Temperature analysis
Room temperature was maintained at approximately 25℃, and we monitored the temperature of the bath and chamber solutions with a thin thermocouple (IT-23, Physitemp Instruments Inc., Clifton, NJ, USA). The temperature in the chamber was maintained at 15℃, 25℃, or 35℃, by running the tube containing artificial cerebrospinal fluid through a temperature-controlled water bath (Figure 1(a)). For the moderate temperature (25℃), we used a warm water bath (27℃); for the warm temperature, we used a hot water bath (64℃); and for the cold temperature (15℃), we used a cold water bath (3℃), controlled with an immersion cooler (ECS-0SS, Tokyo Rikakikai Co., Ltd, Tokyo, Japan).
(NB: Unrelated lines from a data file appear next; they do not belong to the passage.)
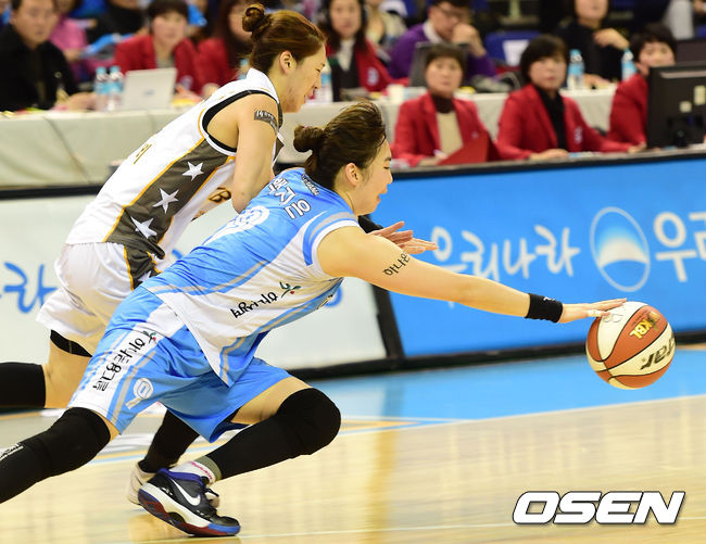 7일 오후 경기도 부천실내체육관에서 열린 'KB국민은행 2014-2015 여자프로농구' 하나외환과 KB스타즈의 경기 2쿼터, 하나외환 백지은이 루즈볼을 위해 몸을 날리고 있다.
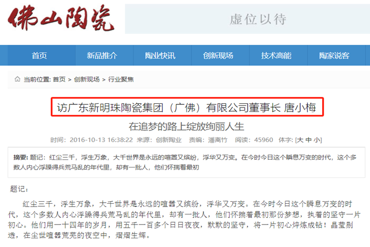 更何况,力场君还查阅到一些公开报道,在2016年,唐小梅还以“广东新明珠陶瓷集团(广佛)有限公司董事长”的身份参与社会活动和新闻报道,这更与《审核问询函的回复》中披露的、其早在“2004年离职创业”的信息,存在重大出入。这不值得怀疑吗?新明珠连同保荐机构申万宏源证券,不该出来说清楚一下吗?
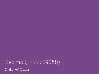Decimal 1477739058 Color is a normal purple color and the nearest color is Affair #714693. Hex code #774588 and RGB value is rgb(119,69,136). In RGB color space, this color is composed of 47% red, 27% green, 53% blue, In CMYK color space, this color is composed of 13% cyan, 49% magenta, 0% yellow , 47% black , In HSL color space, this color has a hue angle of 285° , 33% saturation and 40% lightness.
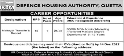 Defence Housing Authority DHA jobs advertisement dated about 10 December 2022 in daily Jang Newspaper invites application for the vacant post of manager record and manager transfer in Quetta, quetta Balochistan Pakistan. Candidates with Bachelor, MBA and Master etc. educational background will be preferred.

We adjusted the flow rate of the pump (AC-2110, ATTO, Tokyo, Japan) to change the temperature within 2 min.
Figure 1.
Experimental set up. (a) The artificial cerebrospinal fluid (ACSF) solution (left) flowed continuously through a tube into the recording chamber (right). The ASCF temperature was adjusted by running the tube through a hot, warm, or cold bath (3℃, 27℃, or 64℃, respectively), to achieve the appropriate temperature upon mixing with the solution in the recording chamber. ASCF solution was continuously let out of the recording chamber to maintain the flow. A slice anchor was used to stabilize the brain slice in the recording chamber. (b) The cooling and warming protocol for the human study. Note that cooling was conducted prior to warming. In the rat study, the cooling and warming protocols were performed in separate rats (not shown).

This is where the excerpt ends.